Still holding onto her bags, she nodded and headed towards the fridge, “Sure thanks!” Cracking open a can of Sprite she finally set down the duffel bag and leaned against the counter. There were a million things she wanted to ask about her, about their dad, about her mom even. But instead, she just watched as Nat continued to take sips from her glass.
She found herself mentally shooshing Finn in her head as he wondered if her drinking was a regular thing.
--
“Spencer. Charmed, I’m sure.” Nat took another long drink from the glass and wondered for a moment how she could have gone through the whole thing so quickly. “He mentioned you, more like. Thought it was appropriate I know I had a sister, figured he could throw you out in passing and not feel the scorn. Naturally it wasn’t super effective.” She settled down at the kitchen table in her usual chair, looking at the bottle and wondering if it would set a bad example for her to pour another glass.

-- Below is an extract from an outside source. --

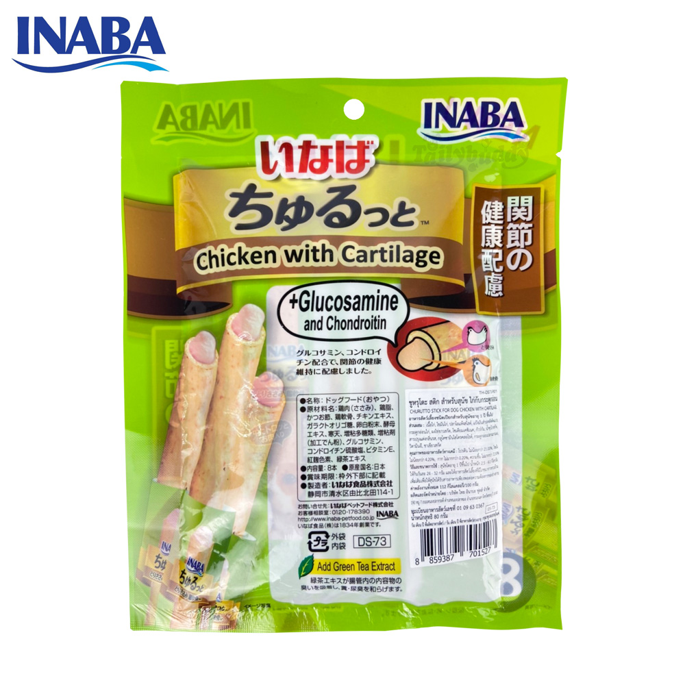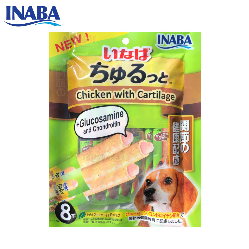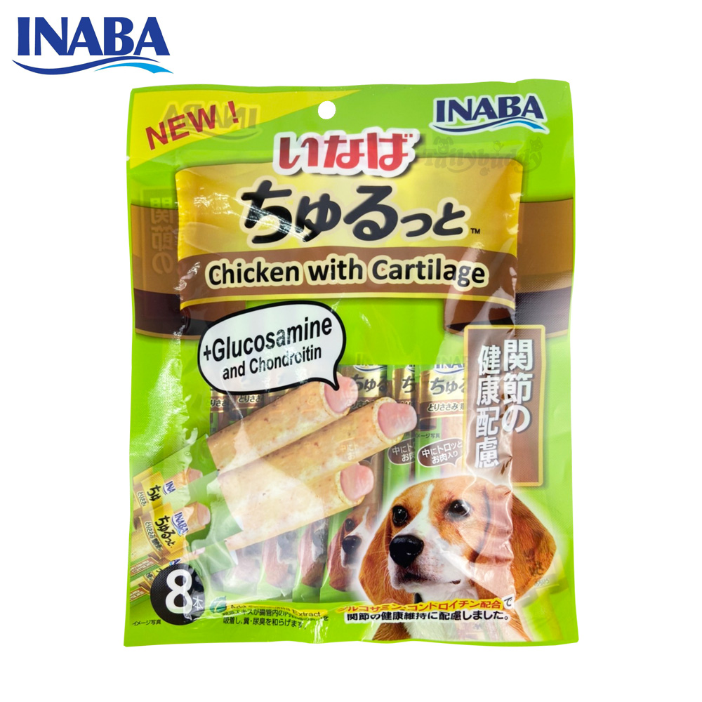 INABA ชูหรุโตะ ขนมสุนัข สติ๊กแท่งสอดไส้ครีมสุนัขเลีย รสไก่กับกระดูกอ่อน ช่วยบำรุงข้อ (8ชิ้น) (DS-73)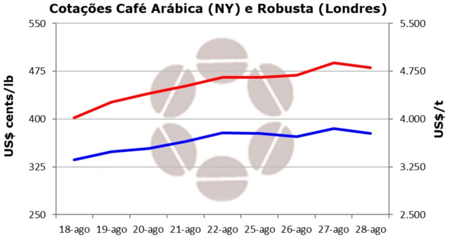 O aumento dos preços por parte da indústria de café e das cafeterias surgiu como um novo fundamento e pressionam a cotação dos futuros de arábica na Bolsa de Nova York (ICE Futures US), sem que o mercado perca de vista a questão dos volumes de estoque, tarifaço, intempéries climáticas no Brasil, entre outros. O contrato com vencimento em dezembro/25 fechou a sessão de ontem...

She saw Spencer—her sister—standing by the counter, with the air of someone who didn’t know exactly what they were supposed to do next. She wondered for a split second if it was the environment that was making her uncomfortable, the fact that here she was in a shitty excuse for a home drinking poor-girl’s liquor just to get through an impromptu family reunion. “What were you planning to do once you found the man who spawned us? Don’t tell me you were expecting him to look after you, he’s hardly the paternal type.”
--
“Oh... I just yeah....” Spencer looked disheartened for a second but let it slide, the smile back on her face in no time, “I didn’t really know where else to you i didn’t really want to go into foster care, horror stories, yknow?” There was a shrug and she tried to play it off lightly, but the stories were pretty bad and she didn’t have any trouble believing them.
She shrugged again at the second question, she hadn’t really thought that far. If she were honest with herself, she kind of thought that maybe her mother had been right all along and he didn’t want her. But she didn’t dwell on that too much, “I dunno, I mean I don’t think my mom ever raised me in the traditional sense either. And I’m pretty much done growing up, right? I just needed a place to be since yknow, I’m not eighteen yet.”
--
“I hear you.” She took another drink, swilling the last of the rum around in the bottom of the glass. Always gone. “If you’re looking for a place to stay, I can offer you a couch. Not much more than a couch. But you can consider it yours. Might even be able to swing a blanket and a pillow, if you’re lucky.” Jack piped up to say that Nat was hardly about to be a better parent than either of the biological had been; she shushed him. “I bartend, so I keep weird hours. And I have vices that can’t be deterred. If you’re okay with those terms you can crash here as long as you need but I won’t be covering if anyone comes to find you—your mum, our dad, anyone. Fair?”
--
Spencer nodded eagerly, beggars couldn’t be choosers after all, and frankly she’d lived years in worse conditions. “Yeah cool! A couch is perfect, I promise I’ll stay out of your hair. And I really doubt anyone’s coming for me so i think we’re safe on that one.” A huge weight lifted off her chest and she smiled easily, her sister seemed pretty cool. Maybe they’d even get along, she found herself thinking to Finn.